Particle Physics: Discovering and Describing Particle Interactions
Homework
Reading Preparation
Text Reading: Giancoli, Physics - Principles with Applications, Chapter 32: 1-6
Study Points
Study Points
Text Reading: Giancoli, Physics - Principles with Applications, Chapter 33: All
- 33.1 Studies of objects visible in Earth-based and Earth-orbit telescopes show that stars are grouped into clusters and galaxies, and galaxies themselves into clusters and superclusters. We can use the rotation of a galaxy derived from the Doppler shift of its edges to determine its mass.
- 33.2 Stars form when clouds of dust and gas undergo gravitational collapse to a point where density and pressure trigger thermonuclear fusion, which balances collapse with an expansion force. The energy emitted by the star as light is its luminosity. The apparent brightness of a star depends on this luminosity and the distance to the star. The temperature of a star can be determined from Wien's law and the total energy flux of the star from the Stefan-Boltzmann relationship. Plotting stars by their surface temperature and intrinsic luminosity gives us a distribution that relates to stellar evolution, with hydrogen-fusing stars on the main sequence, and helium or carbon burning stars on giant "branches". Stellar evolution life cycles depend on stellar mass: the more massive a star, the fast it fuses the hydrogen at its core and reaches hydrogen burnout, at which point its core collapses and helium fusion to carbon begins. With low mass stars, helium fusion may never start (white dwarfs), while high mass stars continue fusing heavier and heavier elements, until the final core collapse causes a massive implosion or supernova. Depending on how much mass remains in the core, the remnant may become a neutron star or black hole.
- 33.3 Distance measurements to stars and galaxies rely on a chain of methods, beginning with parallax for nearer stars, then stellar types and intrinsic luminosities, and types of stars such as Cepheid variables, whose period and luminosity are related, and Type I supernovae, which have similar magnitudes.
- 33.4 Einstein's general theory of relativity explains that gravitational mass and inertial mass will be the same: the two are equivalent.
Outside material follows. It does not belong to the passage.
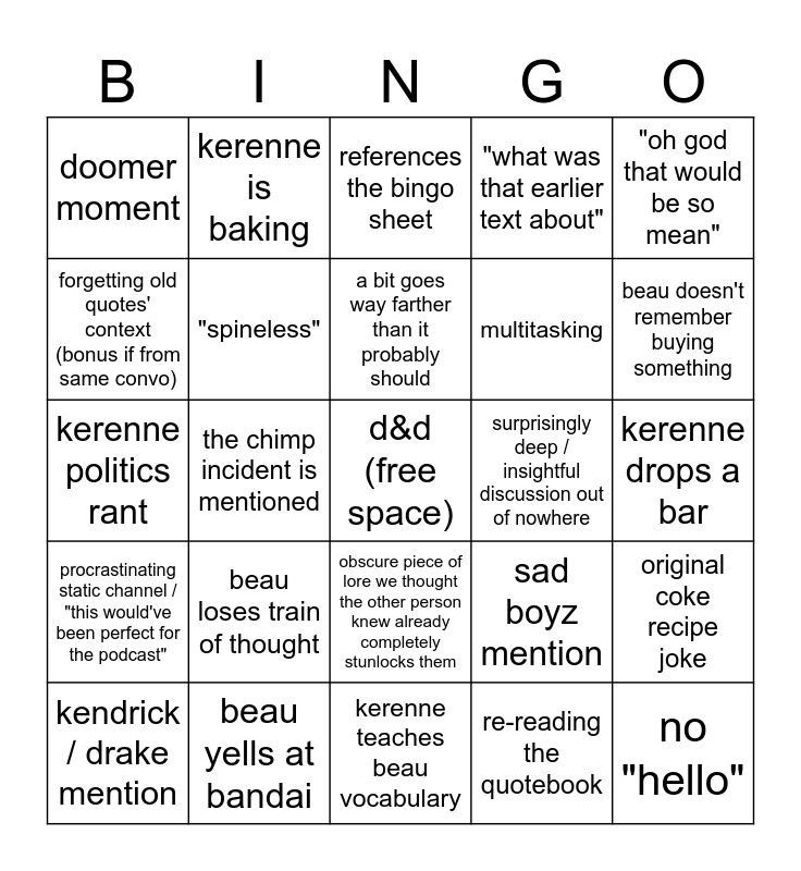 This bingo card has a free space and 28 words: original coke recipe joke, capitalism bad, multitasking, re-reading the quotebook, forgetting old quotes' context (bonus if from same convo), references the bingo sheet, kerenne is baking, procrastinating static channel / "this would've been perfect for the podcast", surprisingly deep / insightful discussion out of nowhere, kendrick / drake mention, kerenne politics rant, "what was that earlier text about", beau yells at bandai, kerenne teaches beau vocabulary, beau doesn't remember buying something, beau's job sucks, beau loses train of thought, "spineless", a bit goes way farther than it probably should, obscure piece of lore we thought the other person knew already completely stunlocks them, doomer moment, kerenne "there's something in the water" joke, no "hello", the chimp incident is mentioned, kerenne drops a bar, sad boyz mention, "oh god that would be so mean" and kerenne still hasn't played hades ii yet.

Since we would observe light bending if we accelerate through a beam, we should also see light bending in a gravitational field. We can observe light from distant galaxies bending around intermediate massive objects, confirming Einsteins' prediction. Space is therefore curved by gravity; how much it is curved depends on how fast the universe is expanding. When sufficient mass is contained within a small enough volume, the escape velocity from the mass may exceed the speed of light, creating a black hole, where the curvature of space prevents the exit of light for any source within the Schwarzschild radius.
- 33.5 Evidence for the expansion of the universe comes from the apparent redshift of all distant objects: everything far enough away is moving away, not toward us. There are three redshifts:
- Doppler shift: due to motions through space, toward (blueshift) or away from (redshift) the source.
- Cosmological shift: due to expansion of space, always away (redshift).
- Gravitational shift: due to potential energy loss as light leaves a massive object.
The rate of expansion of the universe is given by the Hubble constant, H0. Since different parts of the universe were once together in one place, conditions in widely separated parts of the universe are assumed ot be the same -- the universe is isotropic.
- 33.6 Running the expansion backwards at its current rate gives an origin-of-the-universe date of about 13 billion years ago. The event which caused the expansion was named the Big Bang. Models predicted the existed of cosmic microwave background radiation, which was detected (somewhat by accident) in 1964. Since then, examination of the CMB reveals anisotropy, variations in the emission temperature, which also fits the model of the Big Bang. Current cosmology theories identify different phases in the expansion by how energy was transmitted: initial high energy concentrations prevented the formation of stable matter and even the free transmission of photons. Subsequent phases as density decreased allowed transmission of photons and formation of atoms. When we look at distant objects, we actually are looking back in time. We can't look back into the first 300 000 years of the universe when photon transmission was blocked. We can only see those objects which were less than 13 billion light years away 13 billion years ago; light objects further away formed since then has not yet reached us.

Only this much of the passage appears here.